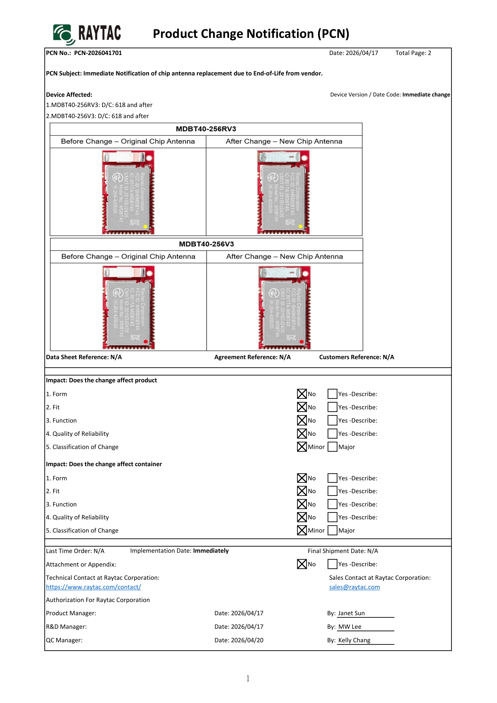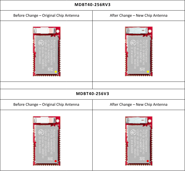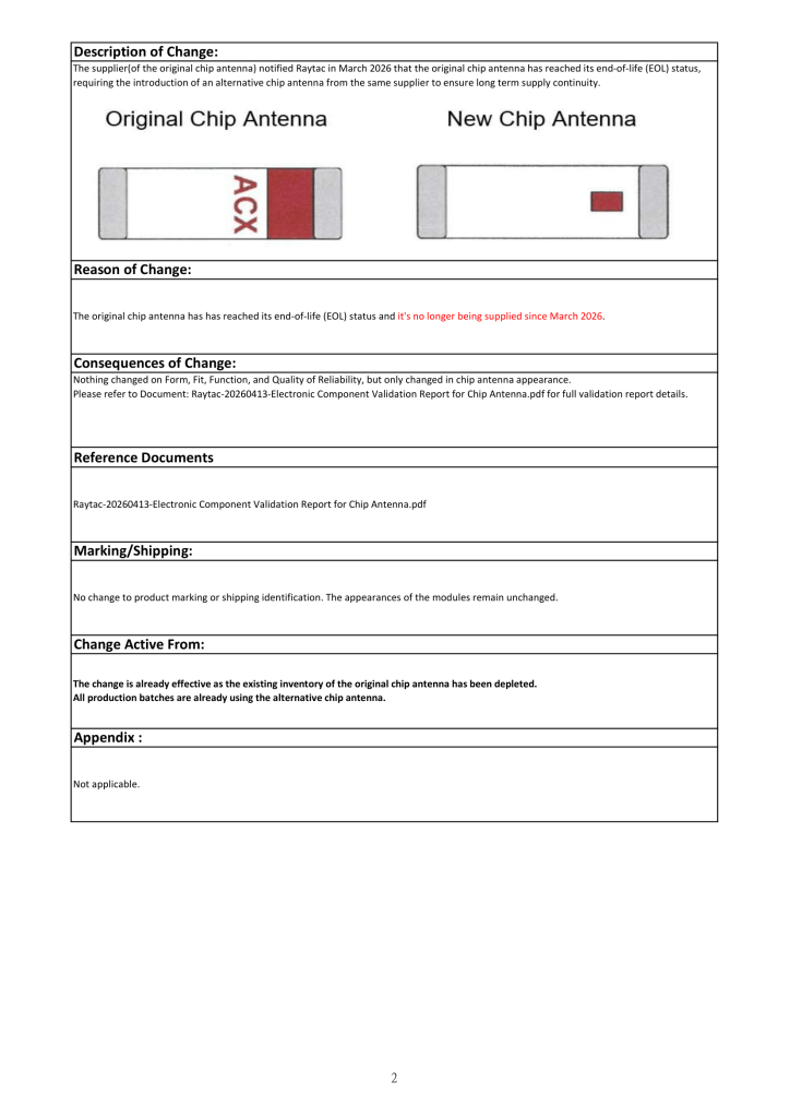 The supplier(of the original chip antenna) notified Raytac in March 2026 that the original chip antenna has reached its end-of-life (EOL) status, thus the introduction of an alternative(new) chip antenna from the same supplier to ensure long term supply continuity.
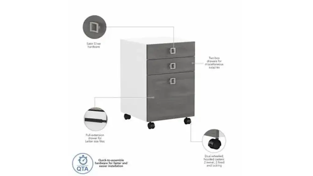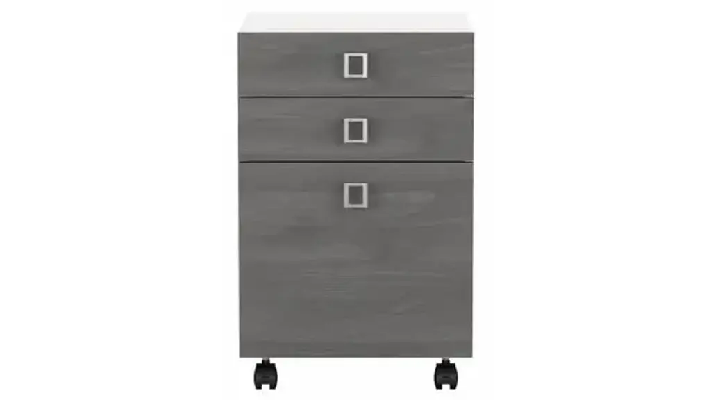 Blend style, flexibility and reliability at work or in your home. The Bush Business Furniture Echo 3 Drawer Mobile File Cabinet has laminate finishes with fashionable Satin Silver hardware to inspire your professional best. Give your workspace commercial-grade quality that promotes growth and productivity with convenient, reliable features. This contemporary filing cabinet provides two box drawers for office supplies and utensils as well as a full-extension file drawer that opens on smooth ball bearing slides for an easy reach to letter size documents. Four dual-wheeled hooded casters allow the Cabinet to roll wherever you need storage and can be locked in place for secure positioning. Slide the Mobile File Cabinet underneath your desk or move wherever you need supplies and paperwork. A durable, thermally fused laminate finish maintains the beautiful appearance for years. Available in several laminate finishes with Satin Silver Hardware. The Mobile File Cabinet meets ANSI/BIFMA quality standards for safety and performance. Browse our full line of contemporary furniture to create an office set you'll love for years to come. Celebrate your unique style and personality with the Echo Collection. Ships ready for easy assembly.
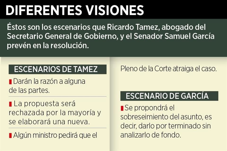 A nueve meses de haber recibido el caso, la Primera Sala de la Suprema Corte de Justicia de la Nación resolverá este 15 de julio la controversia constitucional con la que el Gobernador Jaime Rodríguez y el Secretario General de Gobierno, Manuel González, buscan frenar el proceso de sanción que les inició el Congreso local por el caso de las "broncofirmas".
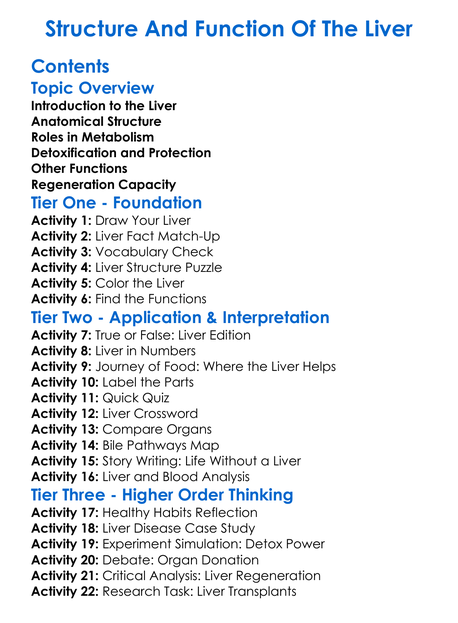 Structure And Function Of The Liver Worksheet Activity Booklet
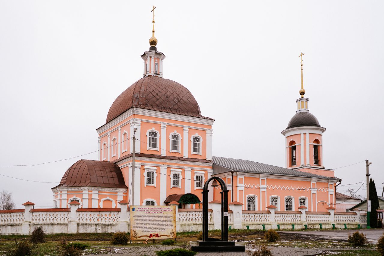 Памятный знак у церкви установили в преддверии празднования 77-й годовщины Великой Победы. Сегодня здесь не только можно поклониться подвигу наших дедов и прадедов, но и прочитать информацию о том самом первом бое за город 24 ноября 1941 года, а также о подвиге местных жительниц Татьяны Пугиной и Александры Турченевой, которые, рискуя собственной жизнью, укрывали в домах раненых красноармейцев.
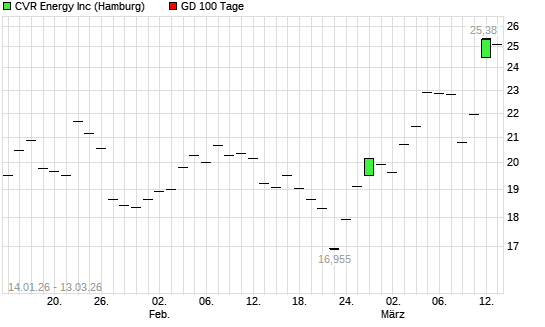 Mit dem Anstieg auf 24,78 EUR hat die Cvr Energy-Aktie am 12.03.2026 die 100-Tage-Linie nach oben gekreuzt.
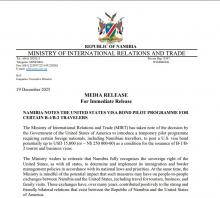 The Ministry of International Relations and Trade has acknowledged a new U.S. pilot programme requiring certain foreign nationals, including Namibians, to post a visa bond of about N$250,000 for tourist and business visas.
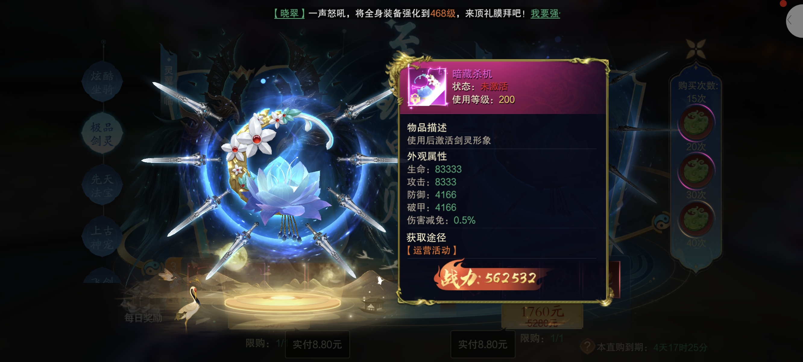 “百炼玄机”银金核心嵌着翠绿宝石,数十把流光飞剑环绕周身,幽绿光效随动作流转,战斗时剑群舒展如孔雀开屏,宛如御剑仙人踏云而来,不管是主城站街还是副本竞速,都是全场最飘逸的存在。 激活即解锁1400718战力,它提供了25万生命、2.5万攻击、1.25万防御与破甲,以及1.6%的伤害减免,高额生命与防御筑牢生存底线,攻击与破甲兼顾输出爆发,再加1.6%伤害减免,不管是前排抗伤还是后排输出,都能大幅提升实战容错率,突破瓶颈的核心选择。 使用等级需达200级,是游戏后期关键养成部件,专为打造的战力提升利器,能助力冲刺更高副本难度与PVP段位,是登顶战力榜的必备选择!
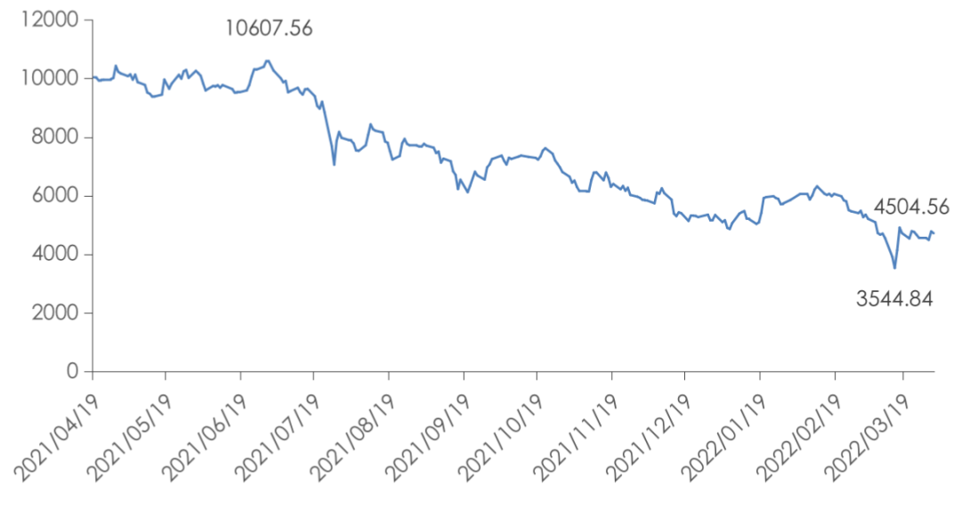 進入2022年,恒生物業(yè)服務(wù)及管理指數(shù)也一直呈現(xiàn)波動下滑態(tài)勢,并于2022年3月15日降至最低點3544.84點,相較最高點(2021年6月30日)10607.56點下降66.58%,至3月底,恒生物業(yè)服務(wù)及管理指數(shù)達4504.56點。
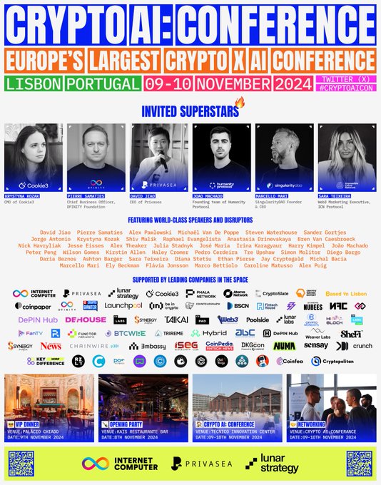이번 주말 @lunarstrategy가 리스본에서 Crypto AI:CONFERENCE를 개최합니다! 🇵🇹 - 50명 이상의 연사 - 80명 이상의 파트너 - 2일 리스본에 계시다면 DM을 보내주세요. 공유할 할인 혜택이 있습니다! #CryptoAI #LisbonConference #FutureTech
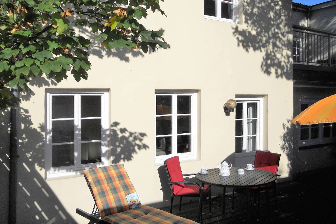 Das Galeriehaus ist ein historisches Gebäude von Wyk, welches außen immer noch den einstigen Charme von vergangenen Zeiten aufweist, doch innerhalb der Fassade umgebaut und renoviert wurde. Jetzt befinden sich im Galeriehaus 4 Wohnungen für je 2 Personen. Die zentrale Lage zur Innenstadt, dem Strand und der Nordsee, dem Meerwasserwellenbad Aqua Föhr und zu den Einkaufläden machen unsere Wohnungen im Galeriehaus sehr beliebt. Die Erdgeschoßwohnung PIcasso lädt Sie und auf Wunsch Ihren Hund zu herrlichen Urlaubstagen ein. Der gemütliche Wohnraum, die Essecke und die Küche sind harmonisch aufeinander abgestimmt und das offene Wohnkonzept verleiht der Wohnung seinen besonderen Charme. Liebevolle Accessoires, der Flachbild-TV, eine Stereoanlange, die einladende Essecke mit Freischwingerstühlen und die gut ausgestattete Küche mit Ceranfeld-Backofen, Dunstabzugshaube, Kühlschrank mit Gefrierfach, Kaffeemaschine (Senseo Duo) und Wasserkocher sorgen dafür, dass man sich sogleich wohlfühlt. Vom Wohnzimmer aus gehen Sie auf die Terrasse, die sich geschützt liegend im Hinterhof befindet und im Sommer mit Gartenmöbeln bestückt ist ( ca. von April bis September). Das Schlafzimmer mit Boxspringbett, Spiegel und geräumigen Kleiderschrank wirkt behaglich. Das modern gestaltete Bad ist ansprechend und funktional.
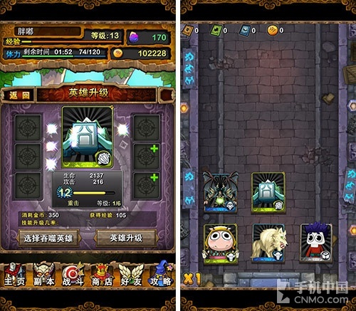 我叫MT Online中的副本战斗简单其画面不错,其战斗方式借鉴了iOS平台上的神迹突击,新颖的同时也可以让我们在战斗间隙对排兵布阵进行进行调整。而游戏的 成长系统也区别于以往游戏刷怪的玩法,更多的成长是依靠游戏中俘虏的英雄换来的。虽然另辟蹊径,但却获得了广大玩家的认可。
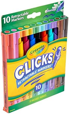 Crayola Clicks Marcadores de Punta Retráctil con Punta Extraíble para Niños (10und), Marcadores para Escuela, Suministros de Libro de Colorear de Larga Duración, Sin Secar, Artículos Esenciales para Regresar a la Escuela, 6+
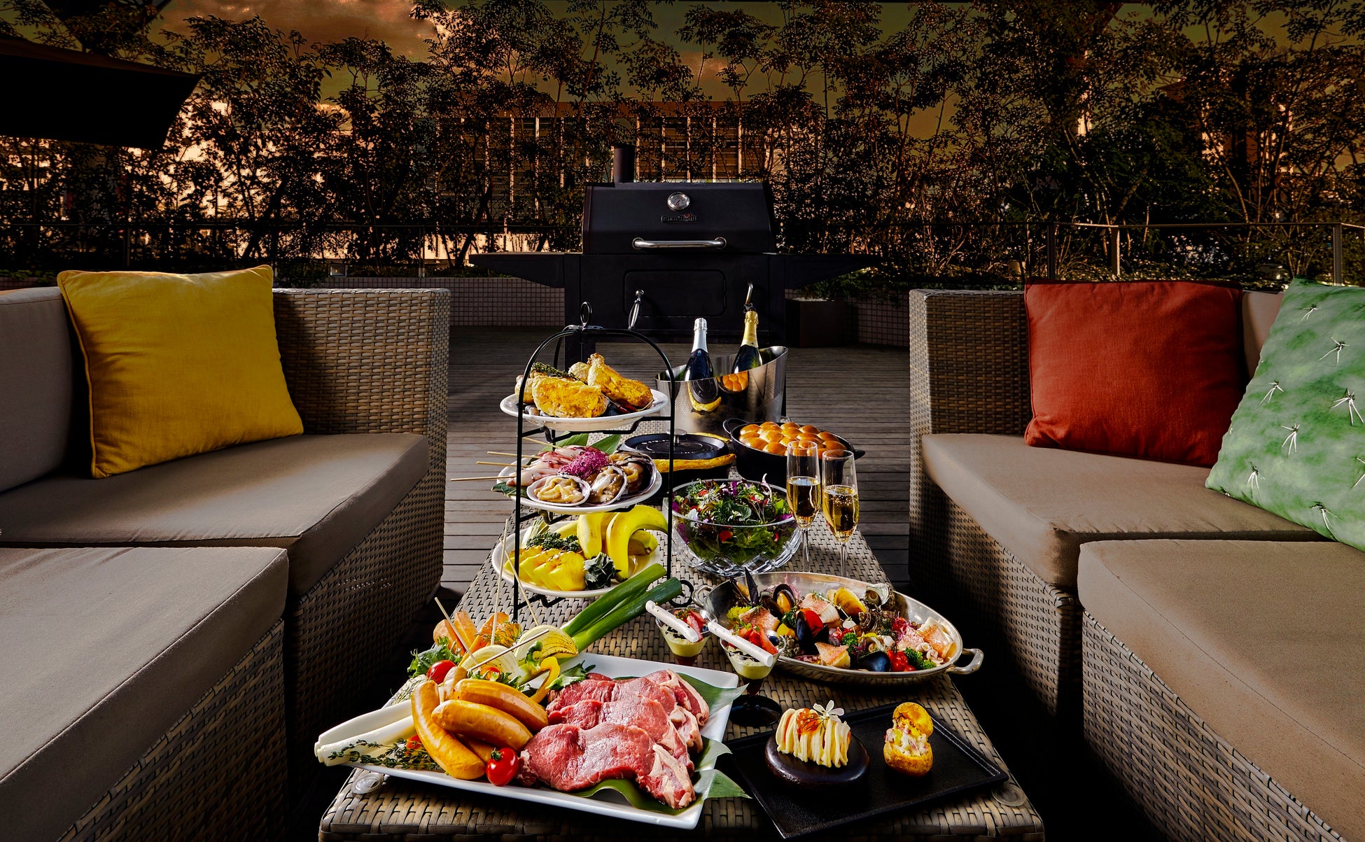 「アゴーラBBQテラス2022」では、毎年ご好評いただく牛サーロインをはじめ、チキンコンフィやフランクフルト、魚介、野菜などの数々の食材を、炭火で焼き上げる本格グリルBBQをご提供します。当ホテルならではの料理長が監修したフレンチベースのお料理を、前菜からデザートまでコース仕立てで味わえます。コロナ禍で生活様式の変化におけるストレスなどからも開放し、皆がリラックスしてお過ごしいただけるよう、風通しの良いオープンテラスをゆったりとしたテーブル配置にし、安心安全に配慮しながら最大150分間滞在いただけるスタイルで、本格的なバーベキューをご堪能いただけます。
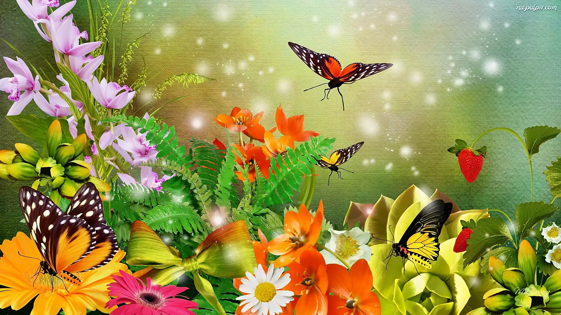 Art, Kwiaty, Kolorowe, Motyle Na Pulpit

(WORK TO BE COMPLETED)
Copy word for word the lines of the records above from the one with "Mit dem Anstieg" up to and including the one with "이번 주말 @lunarstrategy가". Skip the pictures.

(RESPONSE TO THIS EXERCISE)
 Mit dem Anstieg auf 24,78 EUR hat die Cvr Energy-Aktie am 12.03.2026 die 100-Tage-Linie nach oben gekreuzt.
 The Ministry of International Relations and Trade has acknowledged a new U.S. pilot programme requiring certain foreign nationals, including Namibians, to post a visa bond of about N$250,000 for tourist and business visas.
 “百炼玄机”银金核心嵌着翠绿宝石,数十把流光飞剑环绕周身,幽绿光效随动作流转,战斗时剑群舒展如孔雀开屏,宛如御剑仙人踏云而来,不管是主城站街还是副本竞速,都是全场最飘逸的存在。 激活即解锁1400718战力,它提供了25万生命、2.5万攻击、1.25万防御与破甲,以及1.6%的伤害减免,高额生命与防御筑牢生存底线,攻击与破甲兼顾输出爆发,再加1.6%伤害减免,不管是前排抗伤还是后排输出,都能大幅提升实战容错率,突破瓶颈的核心选择。 使用等级需达200级,是游戏后期关键养成部件,专为打造的战力提升利器,能助力冲刺更高副本难度与PVP段位,是登顶战力榜的必备选择!
 進入2022年,恒生物業(yè)服務(wù)及管理指數(shù)也一直呈現(xiàn)波動下滑態(tài)勢,并于2022年3月15日降至最低點3544.84點,相較最高點(2021年6月30日)10607.56點下降66.58%,至3月底,恒生物業(yè)服務(wù)及管理指數(shù)達4504.56點。
이번 주말 @lunarstrategy가 리스본에서 Crypto AI:CONFERENCE를 개최합니다! 🇵🇹 - 50명 이상의 연사 - 80명 이상의 파트너 - 2일 리스본에 계시다면 DM을 보내주세요. 공유할 할인 혜택이 있습니다! #CryptoAI #LisbonConference #FutureTech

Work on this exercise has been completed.